The hospital joined the National Health Service in 1948. In 1971, a major reorganisation of Durham's hospitals made Dryburn Hospital the city's main hospital, while County Hospital became a dedicated psychiatric facility.

After psychiatric services had transferred to the Lanchester Road Hospital, the hospital closed in 2010.

=== As a student residence ===
In 2014 planning permission was sought to remove the 1930s additions, returning the main building back to its original state and adapting it to house 82 student studio flats, and to create additional new-build blocks to house another 281 student flats. Planning was refused by Durham County Council, due to the effect of the new buildings on the city's conservation area and on local residents, but this decision was overturned and planning granted by the Planning Inspectorate in March 2016.

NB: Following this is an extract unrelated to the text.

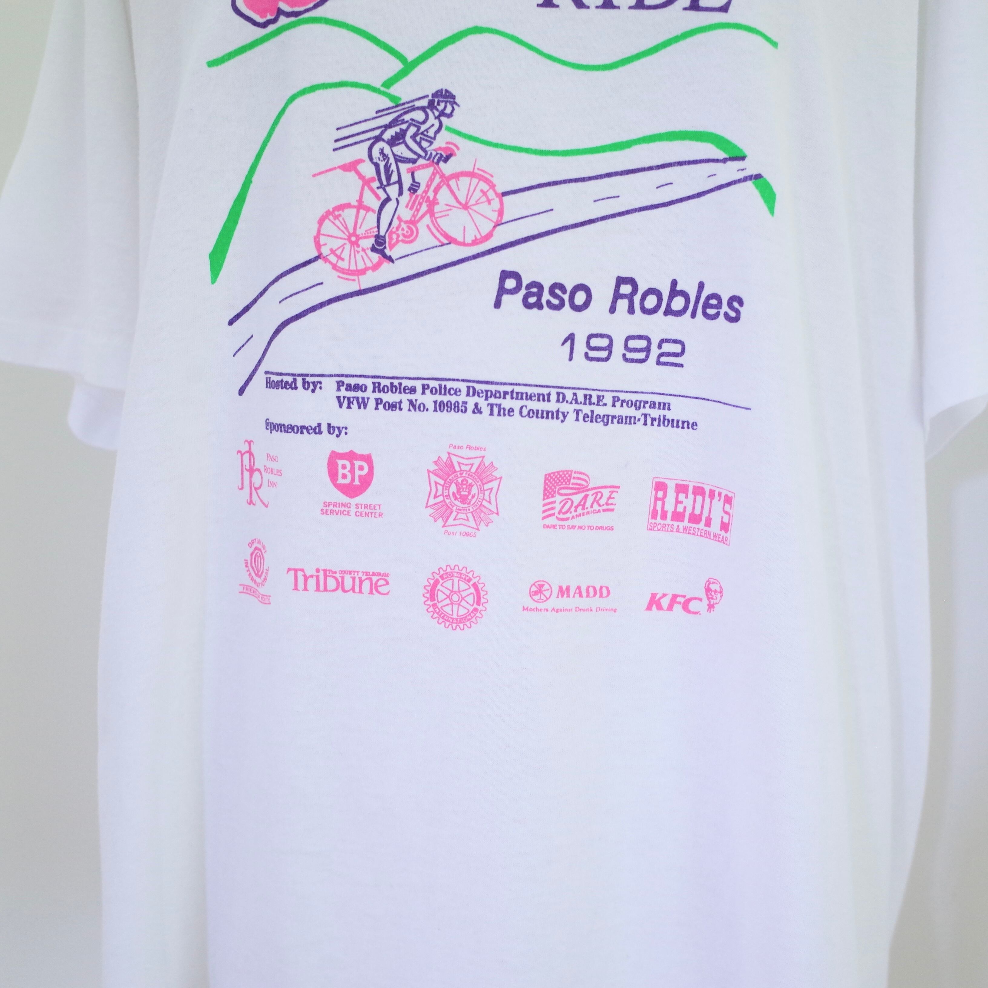 90年代アメリカ製SCEEN STARSボディのTシャツ。1992年にカリフォルニアのパソ・ロブレスで行われたロードバイクのイベントtee。スポンサー企業のロゴがたくさん入った一枚。ネオンカラーのプリントもGoodです◎

Construction work began on the new scheme in May 2017 and was completed in August 2018. The 363-bedroom complex was sold prior to completion to Unite Students, who operate it as Rushford Court.

=== Use by Durham University ===

During 2019–20, the site was used by Durham University to house John Snow College following the college's move from Queen's Campus in Thornaby-on-Tees, while the college awaited completion of its new buildings on the Mount Oswald site.

In January 2023, Durham University announced plans to work with the owners to provide the full facilities of a Durham University college on the site, accompanied by a planning proposal to construct an additional amenities building, set into existing terracing in front of the main historic building, which was approved in April 2023. The site will provide a temporary home for Hild Bede College from summer 2024, while that college's site at Leazes Road, Gilesgate, undergoes redevelopment. After the college returns to its permanent site, the university expects to found a new college on the Rushford Court site.